▶ _Given records_:
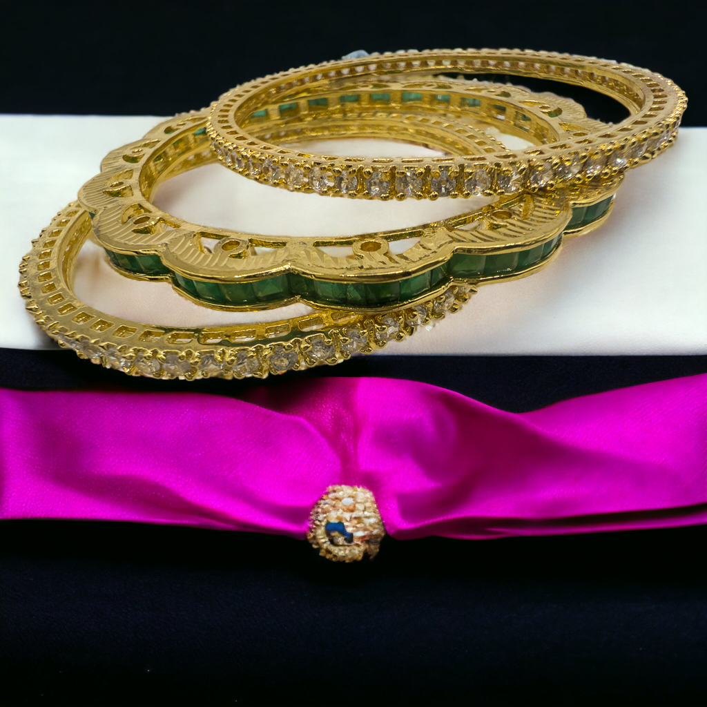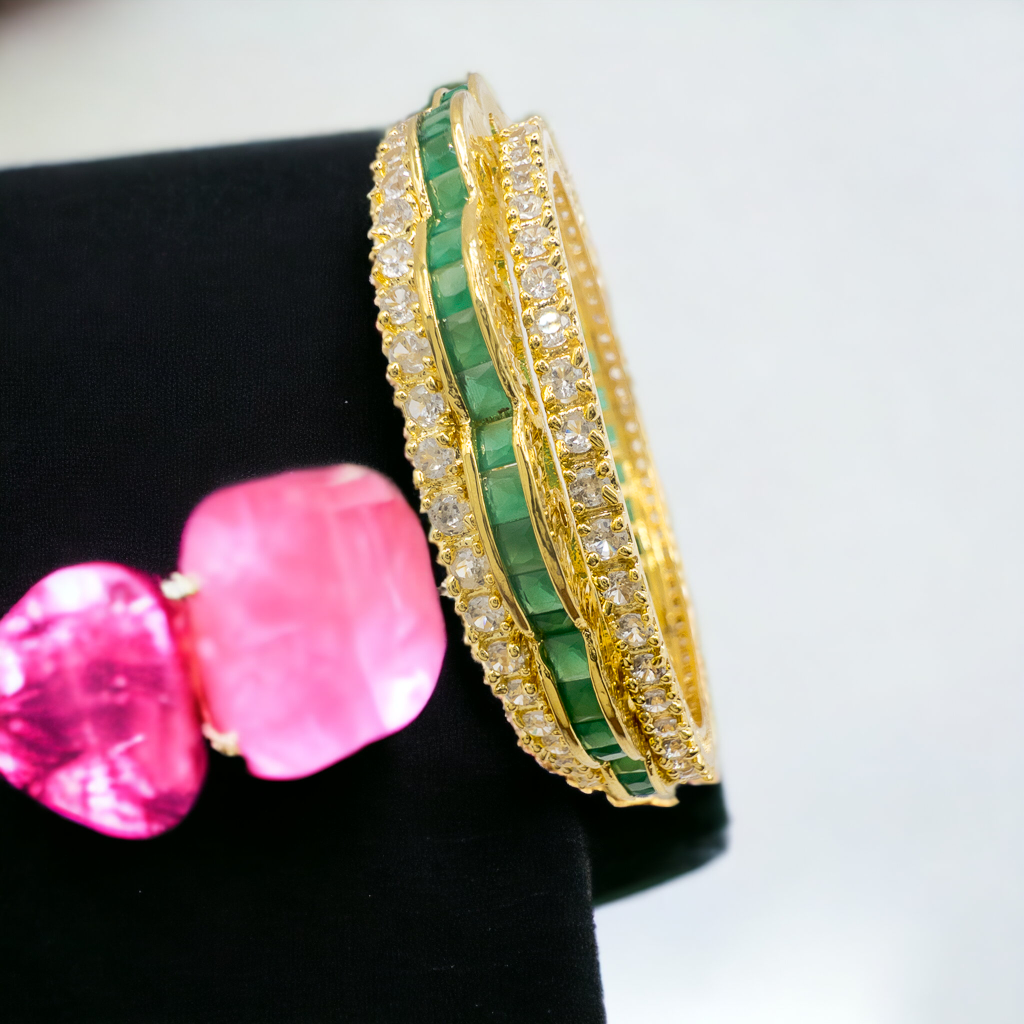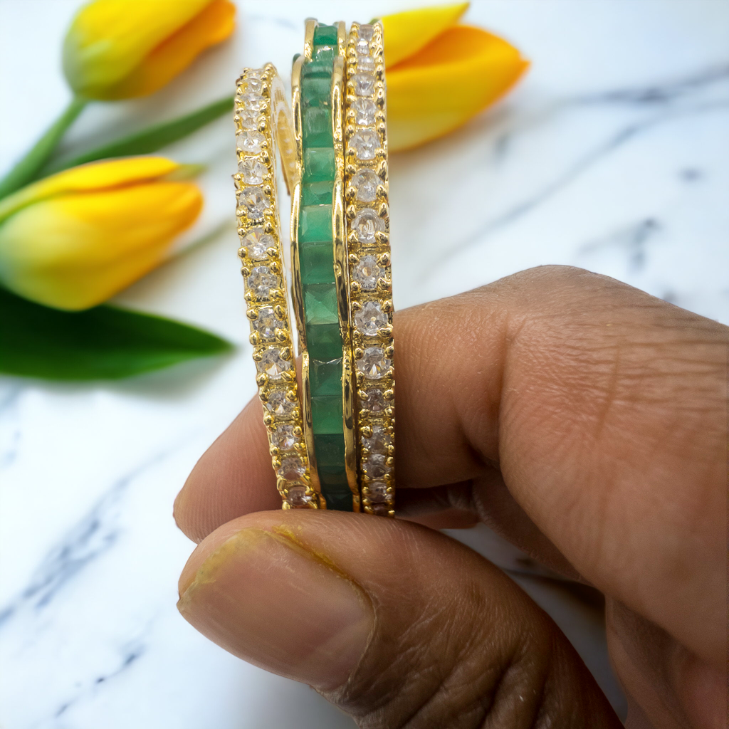 Elevate your wrist with the "Radiant Harmony Set," featuring a combination of diamond-like stone bangles and a captivating green stone bangle. This exquisite set combines the allure of diamond-like stones with the vibrant charm of green, creating a harmonious fusion of luxury and elegance. The intricate designs and sparkling accents add a touch of opulence, making this set a statement ensemble that enhances your style on special occasions. Whether worn individually or stacked, the "Radiant Harmony Set" captures the essence of grace and sophistication, embodying the enchanting allure of both diamond-like brilliance and the captivating vibrancy of green.
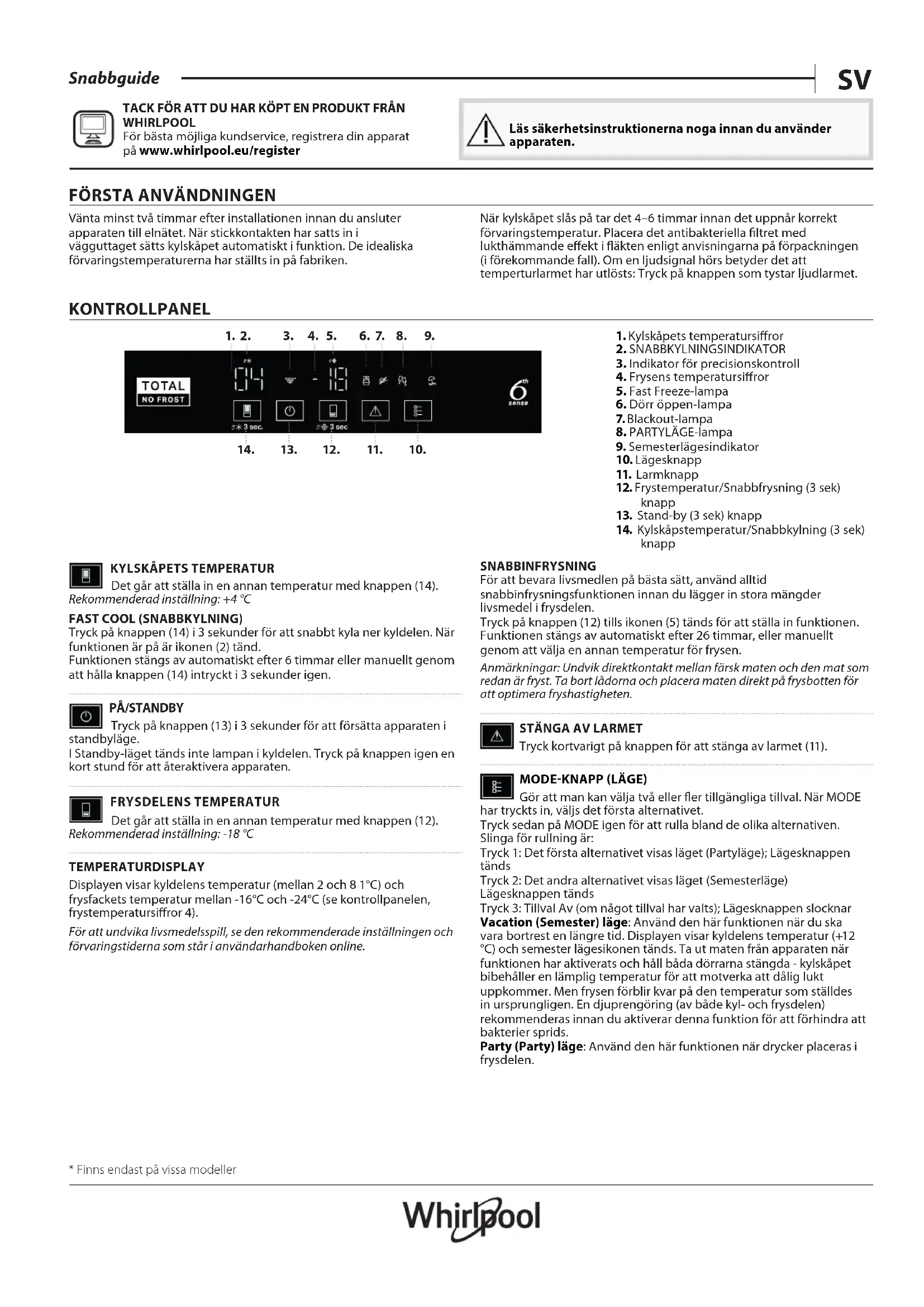 - Kun tilgjengelig på noen modellerSV Snabbguide TACK FÖR ATT DU HAR KÖPT EN PRODUKT FRÅN WHIRLPOOL För bästa möjliga kundservice, registrera din apparat på www . whirlpool . eu/ register Läs säkerhetsinstruktionerna noga innan du använder apparaten.
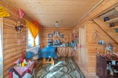 • Материал наружных стен: Сруб из оцилиндрованного бревна с утеплением льняным полотном, обеспечивает отличную теплоизоляцию.
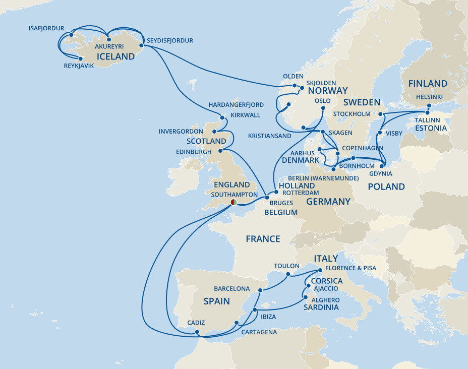 Your cruise is about to begin! It's time to make your way to Southampton, if you haven't already. To reach Southampton from London, you can take a train from London Waterloo to Southampton Central, with the journey taking around 1.5 hours - that's approximately 128 km's (80 miles). Alternatively if you're travelling by coach or have arranged a private transfer, please allow around 2 hours for the journey. Once in Southampton, the cruise terminals are within a short taxi ride from the station.
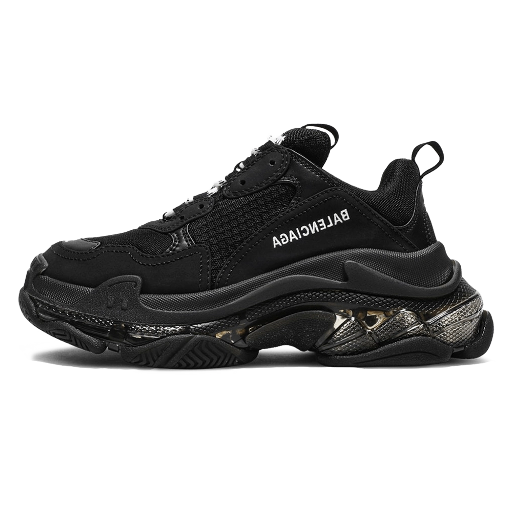 Balenciaga Triple S Clear Sole Black משלב עיצוב עבה אייקוני עם סוליה שקופה. אלגנטי, נועז ומושלם לאופנת רחוב מודרנית.
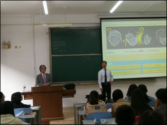 讲座伊始,李光贞教授首先代表日语系全体同学对藤田大辅教授与鲍良教授的到来表示了热烈的欢迎与诚挚的感谢。讲座开始后,藤田教授首先介绍了进行日本防犯教育教材和安全促进学校活动受到社会各界重视的直接原因:2001年6月8日,一名男子持刀冲进大阪教育大学附属池田小学,致使8名儿童死亡、13名儿童和2名教员身负重伤。为了防止此类事件再发生,进行积极的学校安全促进活动就显得非常必要,同时对受害者身心健康进行长期的关注也成为重要课题。随后,藤田教授对“e-learningシステム”的特点、实践流程、试点学校进行讲解:该系统从学生自身情况出发,通过学习与反思和再学习来提高学生的安全意识。藤田教授为同学们展示了这个安全学习系统的部分页面,同学们对页面的趣味性和问题的具体性表现出浓厚的兴趣。藤田教授同时展示了安全学习系统试点的效果:接受学习的儿童安全意识和安全行动得到改善,校内受伤事件减少,等等。最后,藤田教授表示,希望学校安全促进活动能够得到持续发展,把安全学习系统带到更多的国家,让更多的儿童安全意识得到提高。

▶ _Instructions to follow_:
Without the pictures, repeat every record above exactly as written.

▶ _Exercise result_:
 Elevate your wrist with the "Radiant Harmony Set," featuring a combination of diamond-like stone bangles and a captivating green stone bangle. This exquisite set combines the allure of diamond-like stones with the vibrant charm of green, creating a harmonious fusion of luxury and elegance. The intricate designs and sparkling accents add a touch of opulence, making this set a statement ensemble that enhances your style on special occasions. Whether worn individually or stacked, the "Radiant Harmony Set" captures the essence of grace and sophistication, embodying the enchanting allure of both diamond-like brilliance and the captivating vibrancy of green.
 - Kun tilgjengelig på noen modellerSV Snabbguide TACK FÖR ATT DU HAR KÖPT EN PRODUKT FRÅN WHIRLPOOL För bästa möjliga kundservice, registrera din apparat på www . whirlpool . eu/ register Läs säkerhetsinstruktionerna noga innan du använder apparaten.
 • Материал наружных стен: Сруб из оцилиндрованного бревна с утеплением льняным полотном, обеспечивает отличную теплоизоляцию.
 Your cruise is about to begin! It's time to make your way to Southampton, if you haven't already. To reach Southampton from London, you can take a train from London Waterloo to Southampton Central, with the journey taking around 1.5 hours - that's approximately 128 km's (80 miles). Alternatively if you're travelling by coach or have arranged a private transfer, please allow around 2 hours for the journey. Once in Southampton, the cruise terminals are within a short taxi ride from the station.
 Balenciaga Triple S Clear Sole Black משלב עיצוב עבה אייקוני עם סוליה שקופה. אלגנטי, נועז ומושלם לאופנת רחוב מודרנית.
 讲座伊始,李光贞教授首先代表日语系全体同学对藤田大辅教授与鲍良教授的到来表示了热烈的欢迎与诚挚的感谢。讲座开始后,藤田教授首先介绍了进行日本防犯教育教材和安全促进学校活动受到社会各界重视的直接原因:2001年6月8日,一名男子持刀冲进大阪教育大学附属池田小学,致使8名儿童死亡、13名儿童和2名教员身负重伤。为了防止此类事件再发生,进行积极的学校安全促进活动就显得非常必要,同时对受害者身心健康进行长期的关注也成为重要课题。随后,藤田教授对“e-learningシステム”的特点、实践流程、试点学校进行讲解:该系统从学生自身情况出发,通过学习与反思和再学习来提高学生的安全意识。藤田教授为同学们展示了这个安全学习系统的部分页面,同学们对页面的趣味性和问题的具体性表现出浓厚的兴趣。藤田教授同时展示了安全学习系统试点的效果:接受学习的儿童安全意识和安全行动得到改善,校内受伤事件减少,等等。最后,藤田教授表示,希望学校安全促进活动能够得到持续发展,把安全学习系统带到更多的国家,让更多的儿童安全意识得到提高。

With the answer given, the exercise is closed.